:: Exercise ::
Please restate word for word all lines from the one containing "1. ✔️Xem lại" to the final line of the entries, and include no pictures.

Extracted data entries
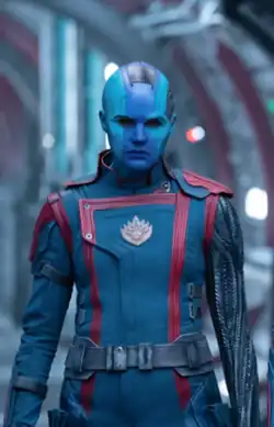 In her debut in Guardians of the Galaxy, Nebula is depicted as a loyal lieutenant in the employ of Ronan and Thanos.[18][19] About the character, Gillan said, "She is the female villain of the film ... She is very sadistic and evil, but I like to think for a very valid reason."[20] She also added, "I think she's a really interesting character. What I like to play around with is how jealous she is. She's Gamora's sister, and there's a lot of sibling rivalry. That's the most interesting aspect to me, because jealousy can consume you and turn you bitter, and ugly. And she's a total sadist, so that's fun too."[21] Gillan researched the ancient Spartans, shaved off her hair, and trained for two months for the role.[21][13] The character's makeup took approximately four-and-a-half hours to be applied.[21] On the first day of filming, as Gillan and Gunn discussed on how to portray the character, Gunn suggested an impression of Marilyn Monroe, particularly in her breathy delivery which he considered "a similar voice to Clint Eastwood."[22]
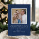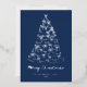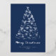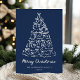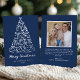 Celebrate the holidays with this Christmas photo card featuring a whimsical hand-drawn Christmas tree with radiant silver foil bows on a rich navy background. “Merry Christmas” is shown in coordinating foil script, with your family name and year printed below. The reverse side features a square photo and holiday message, offering a sophisticated and modern option for holiday greetings.
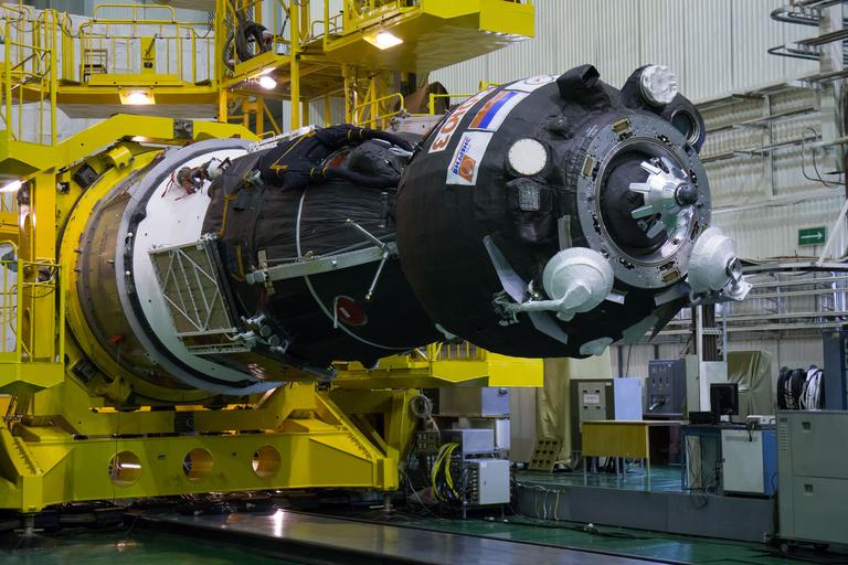 MAKE A MEME View Large Image The Soyuz MS-02 spacecraft is seen after being rotated into a horizontal position in preparation for encapsulation in its fairing on Thursday, Tuesday, Oct. 11, 2016 at the Baikonur Cosmodrome in Kazakhstan. Expedition 49 flight engineer ...
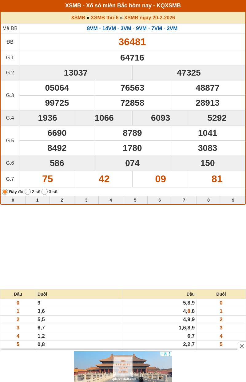 1. ✔️Xem lại KQXSMB ngày 20/02/2026 ngày trước đó
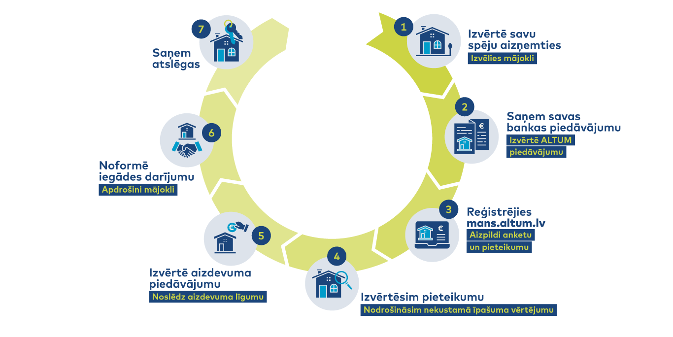 Aizpildi klienta anketu un pieteikumu, kā arī pievieno nepieciešamos dokumentus – konta pārskatu par 12 mēnešiem un nekustamā īpašuma vērtējumu, ja tāds jau sagatavots un nav vecāks par 6 mēnešiem. Aizpildot pieteikumu, var pieteikties arī ALTUM BALSTS subsīdijai.
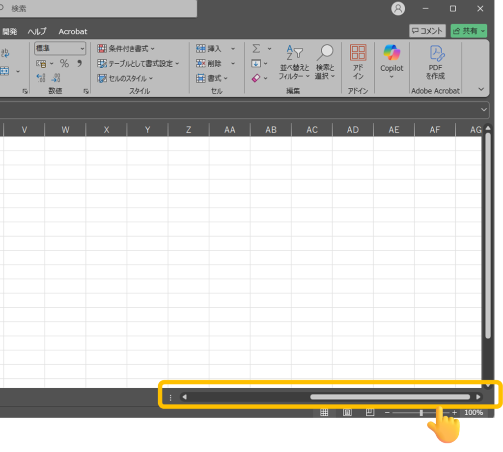 横に長い表を見るとき、右下のスクロールバーをドラッグが地味に面倒くさい。

:: Solution ::
 1. ✔️Xem lại KQXSMB ngày 20/02/2026 ngày trước đó
 Aizpildi klienta anketu un pieteikumu, kā arī pievieno nepieciešamos dokumentus – konta pārskatu par 12 mēnešiem un nekustamā īpašuma vērtējumu, ja tāds jau sagatavots un nav vecāks par 6 mēnešiem. Aizpildot pieteikumu, var pieteikties arī ALTUM BALSTS subsīdijai.
 横に長い表を見るとき、右下のスクロールバーをドラッグが地味に面倒くさい。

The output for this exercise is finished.